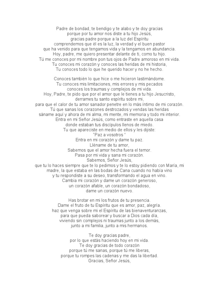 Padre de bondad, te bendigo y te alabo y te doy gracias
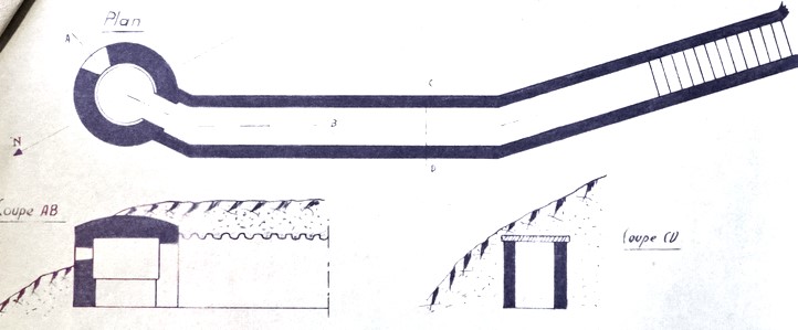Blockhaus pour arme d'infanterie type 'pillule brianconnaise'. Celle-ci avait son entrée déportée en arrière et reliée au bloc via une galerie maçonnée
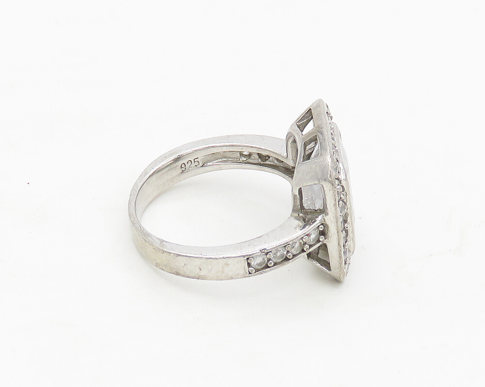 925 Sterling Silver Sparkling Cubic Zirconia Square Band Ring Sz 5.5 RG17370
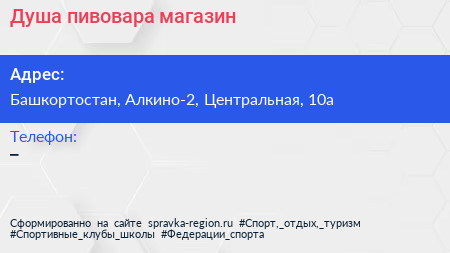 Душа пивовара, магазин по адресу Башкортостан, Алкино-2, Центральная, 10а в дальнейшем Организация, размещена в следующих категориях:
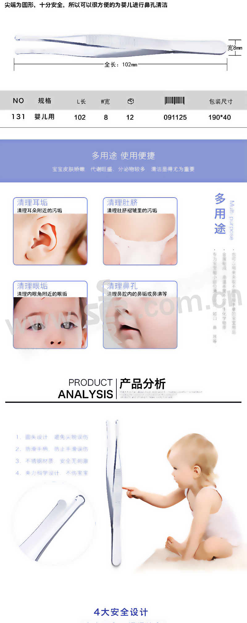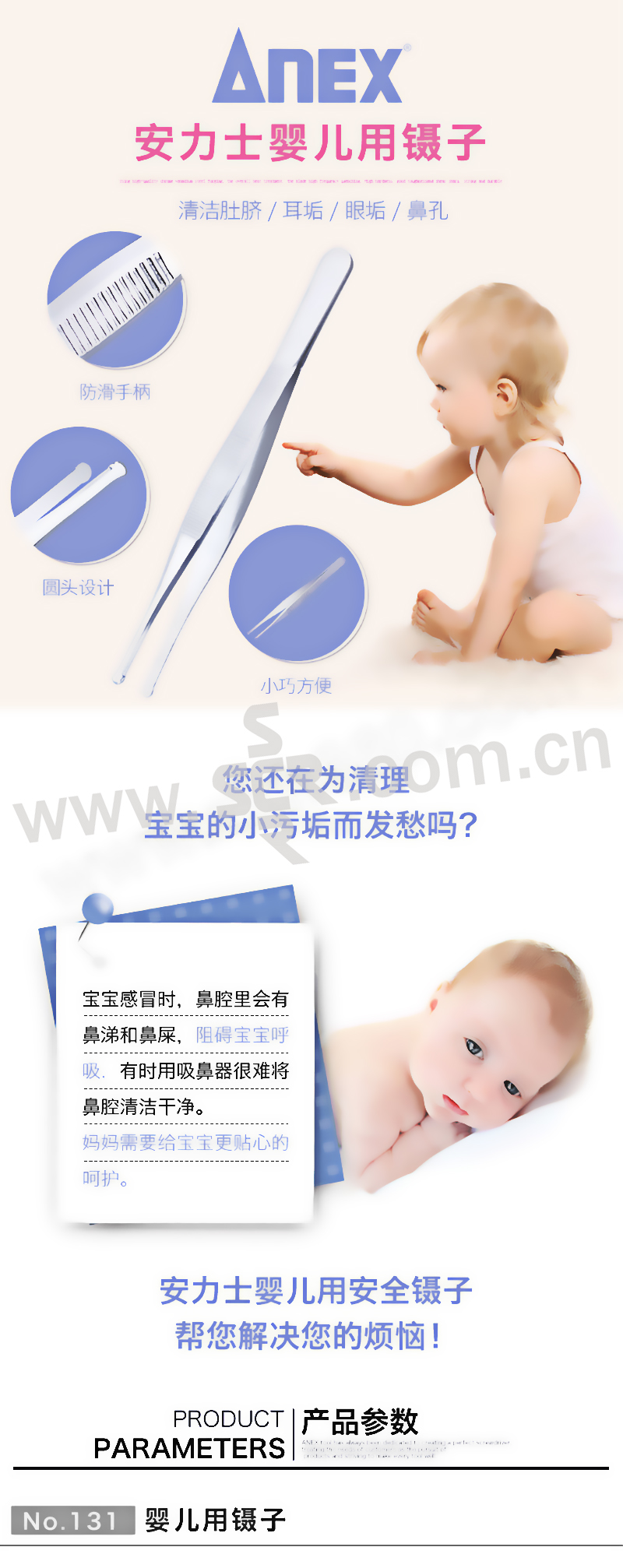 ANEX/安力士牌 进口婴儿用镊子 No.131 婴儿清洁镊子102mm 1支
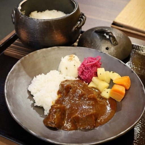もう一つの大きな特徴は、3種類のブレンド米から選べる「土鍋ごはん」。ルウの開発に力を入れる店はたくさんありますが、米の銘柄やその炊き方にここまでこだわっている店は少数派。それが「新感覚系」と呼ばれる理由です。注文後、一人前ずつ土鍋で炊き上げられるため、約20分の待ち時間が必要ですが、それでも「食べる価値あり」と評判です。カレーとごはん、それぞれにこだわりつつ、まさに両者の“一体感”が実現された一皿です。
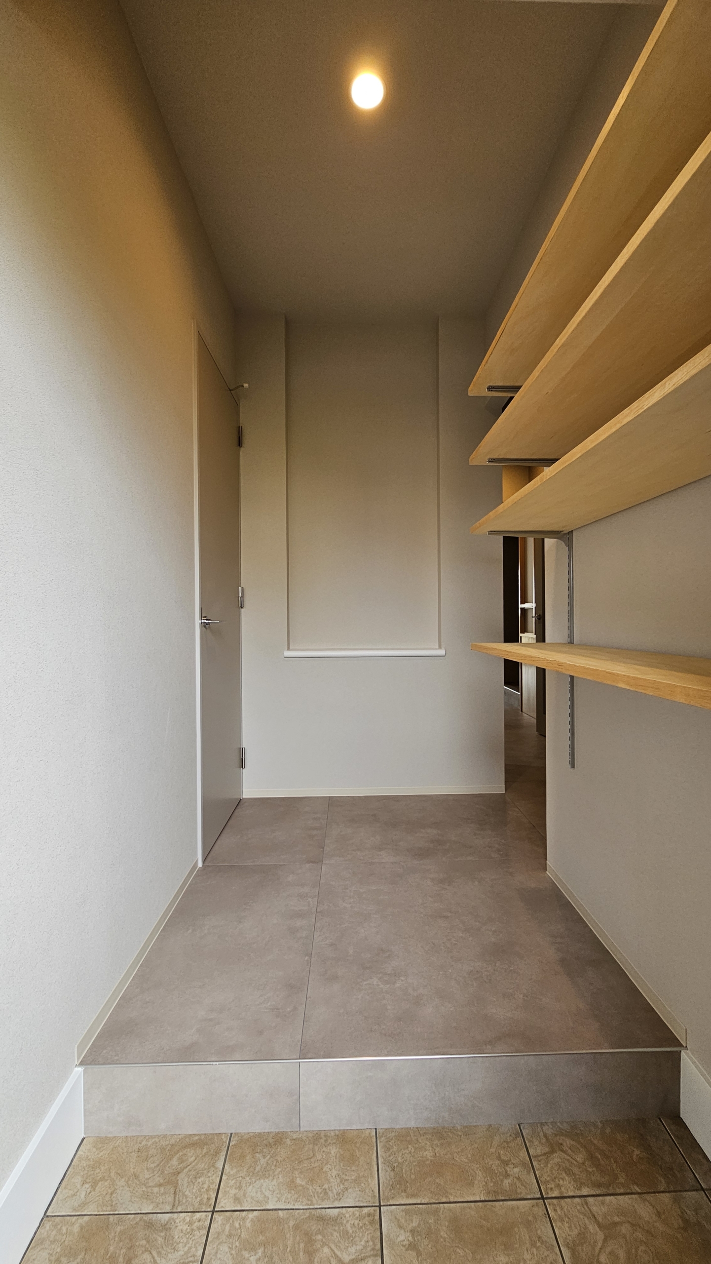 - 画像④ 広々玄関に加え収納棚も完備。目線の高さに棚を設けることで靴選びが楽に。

...

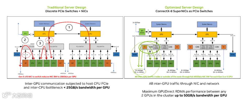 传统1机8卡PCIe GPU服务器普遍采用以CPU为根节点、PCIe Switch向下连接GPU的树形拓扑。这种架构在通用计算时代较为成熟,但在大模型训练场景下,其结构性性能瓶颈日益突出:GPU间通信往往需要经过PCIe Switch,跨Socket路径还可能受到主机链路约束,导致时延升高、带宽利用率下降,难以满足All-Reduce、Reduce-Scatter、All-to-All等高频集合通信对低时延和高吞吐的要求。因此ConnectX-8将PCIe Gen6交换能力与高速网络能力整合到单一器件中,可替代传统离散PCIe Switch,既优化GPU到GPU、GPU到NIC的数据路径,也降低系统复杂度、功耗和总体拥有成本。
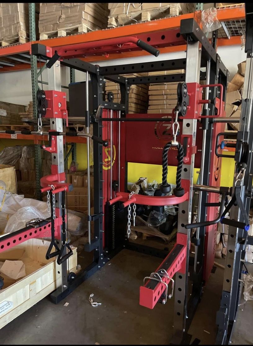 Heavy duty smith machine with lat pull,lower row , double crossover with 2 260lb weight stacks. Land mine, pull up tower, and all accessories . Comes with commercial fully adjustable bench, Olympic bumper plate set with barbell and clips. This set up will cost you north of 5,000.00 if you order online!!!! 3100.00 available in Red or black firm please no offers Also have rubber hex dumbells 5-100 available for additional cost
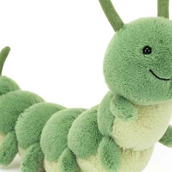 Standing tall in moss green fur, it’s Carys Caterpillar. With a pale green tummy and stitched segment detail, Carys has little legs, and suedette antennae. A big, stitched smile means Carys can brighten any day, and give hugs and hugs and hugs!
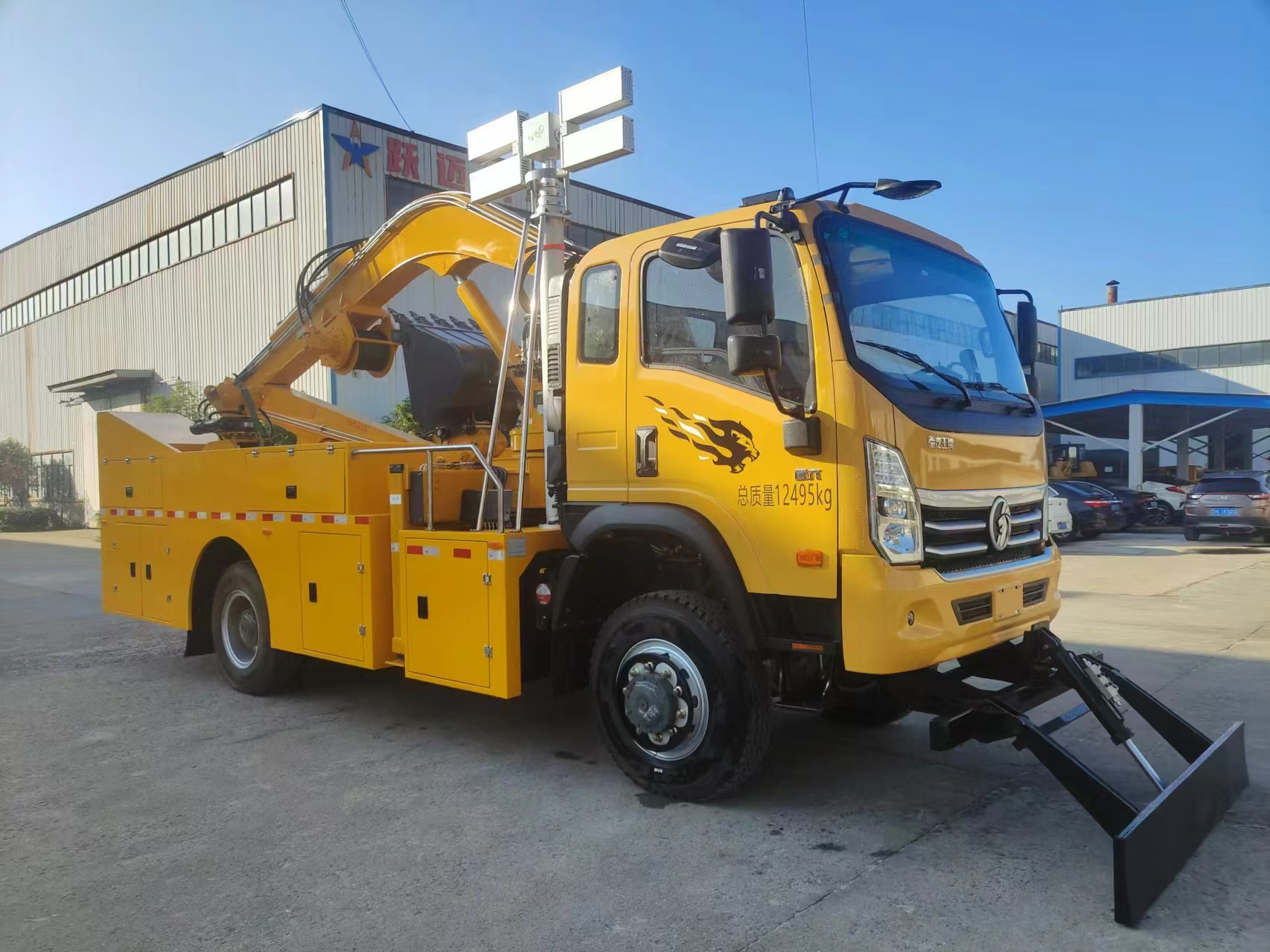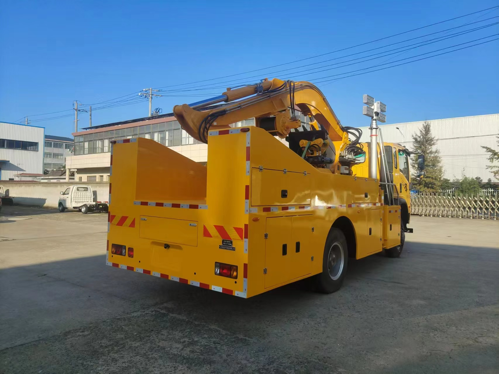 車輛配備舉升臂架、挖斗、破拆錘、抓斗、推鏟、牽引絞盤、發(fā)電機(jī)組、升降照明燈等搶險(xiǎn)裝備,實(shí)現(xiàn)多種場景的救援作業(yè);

==

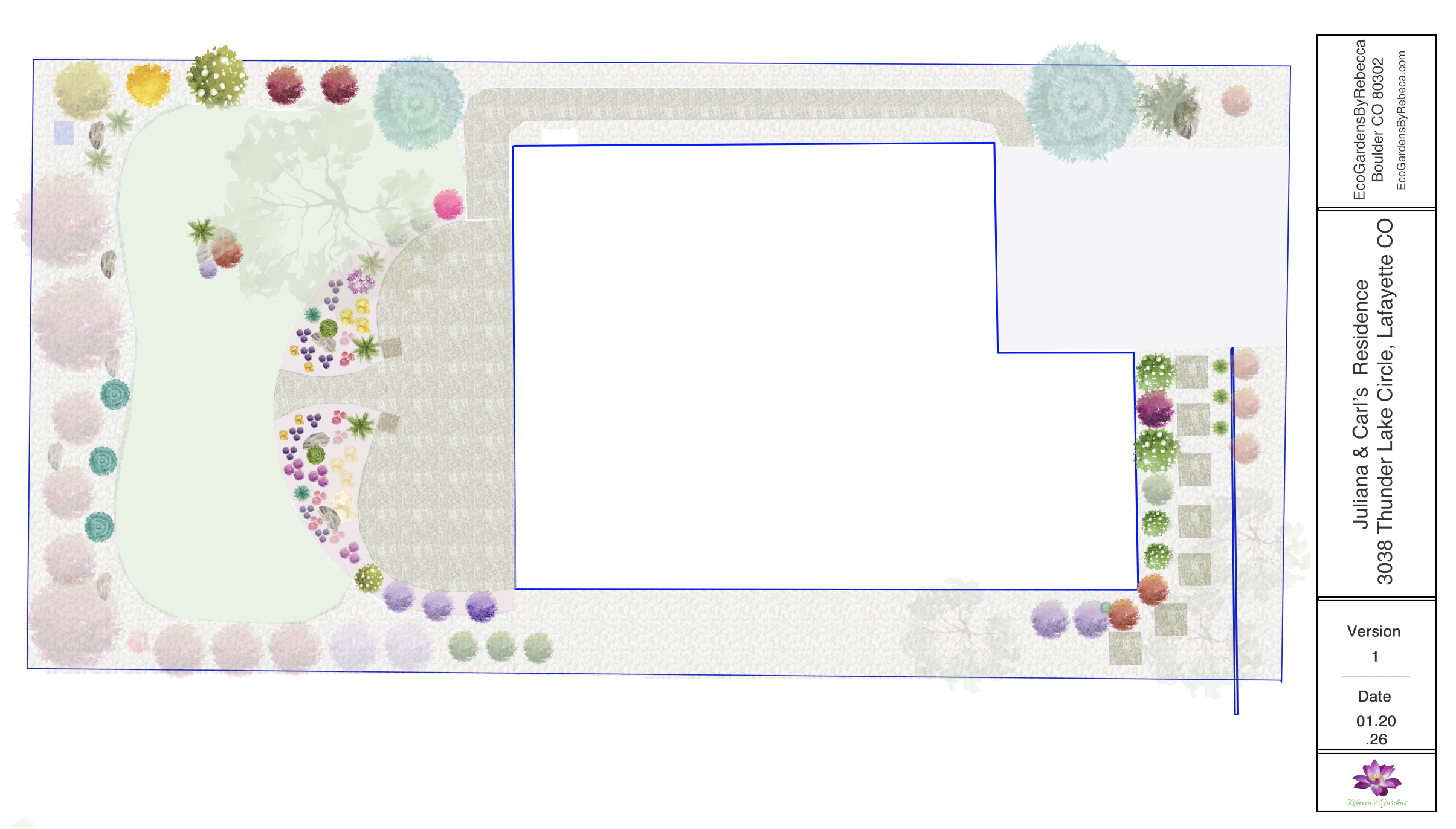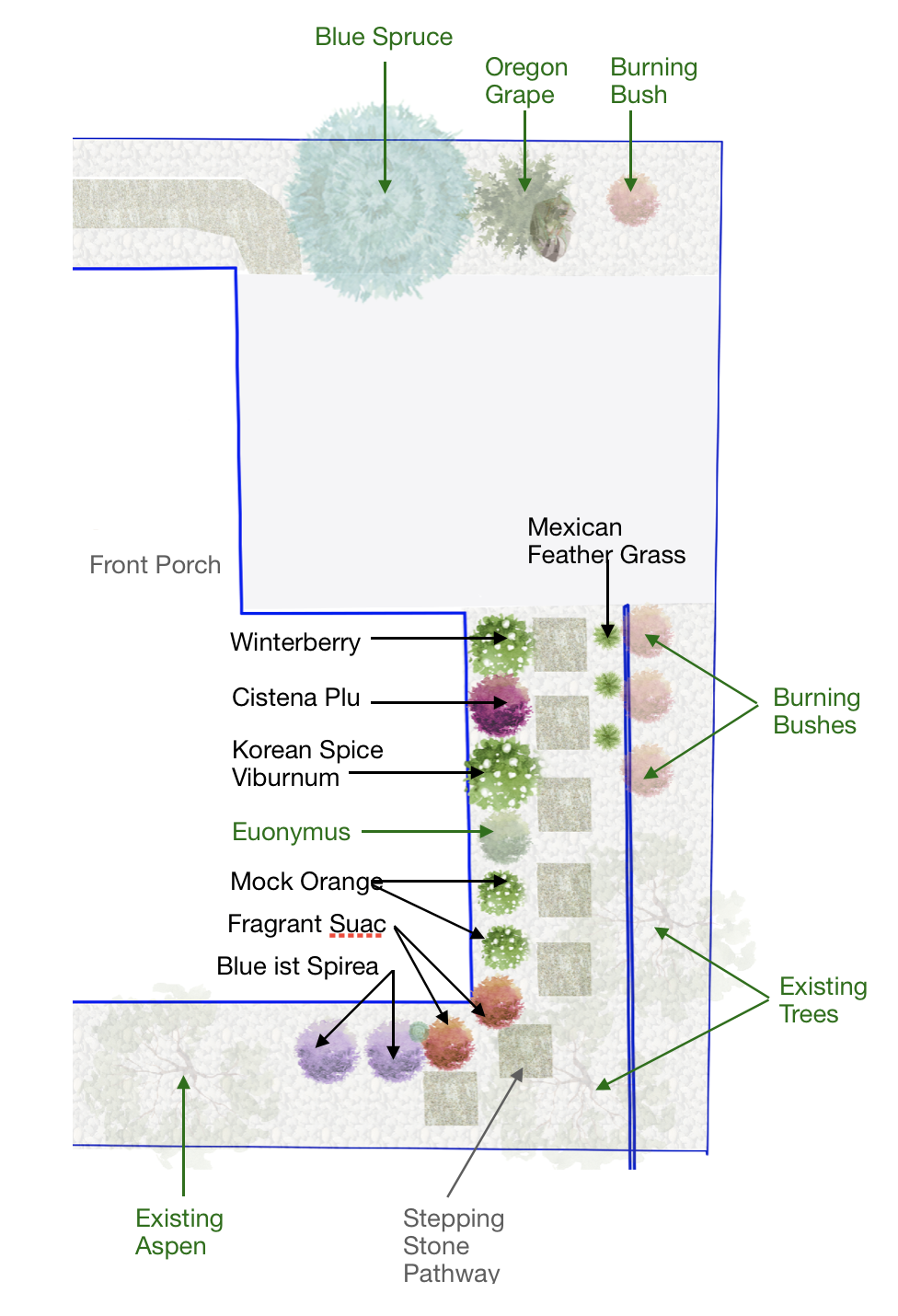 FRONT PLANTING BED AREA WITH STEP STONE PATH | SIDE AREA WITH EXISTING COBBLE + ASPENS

→ Assignment
Would you set down only the lines above from the line with "Padre de bondad, te" to the line with "ANEX/安力士牌 进口婴儿用镊子 No.131 婴儿清洁镊子102mm 1支", both included, exactly as they stand and without the pictures?

→ Answer for this exercise
 Padre de bondad, te bendigo y te alabo y te doy gracias
Blockhaus pour arme d'infanterie type 'pillule brianconnaise'. Celle-ci avait son entrée déportée en arrière et reliée au bloc via une galerie maçonnée
 925 Sterling Silver Sparkling Cubic Zirconia Square Band Ring Sz 5.5 RG17370
 Душа пивовара, магазин по адресу Башкортостан, Алкино-2, Центральная, 10а в дальнейшем Организация, размещена в следующих категориях:
 ANEX/安力士牌 进口婴儿用镊子 No.131 婴儿清洁镊子102mm 1支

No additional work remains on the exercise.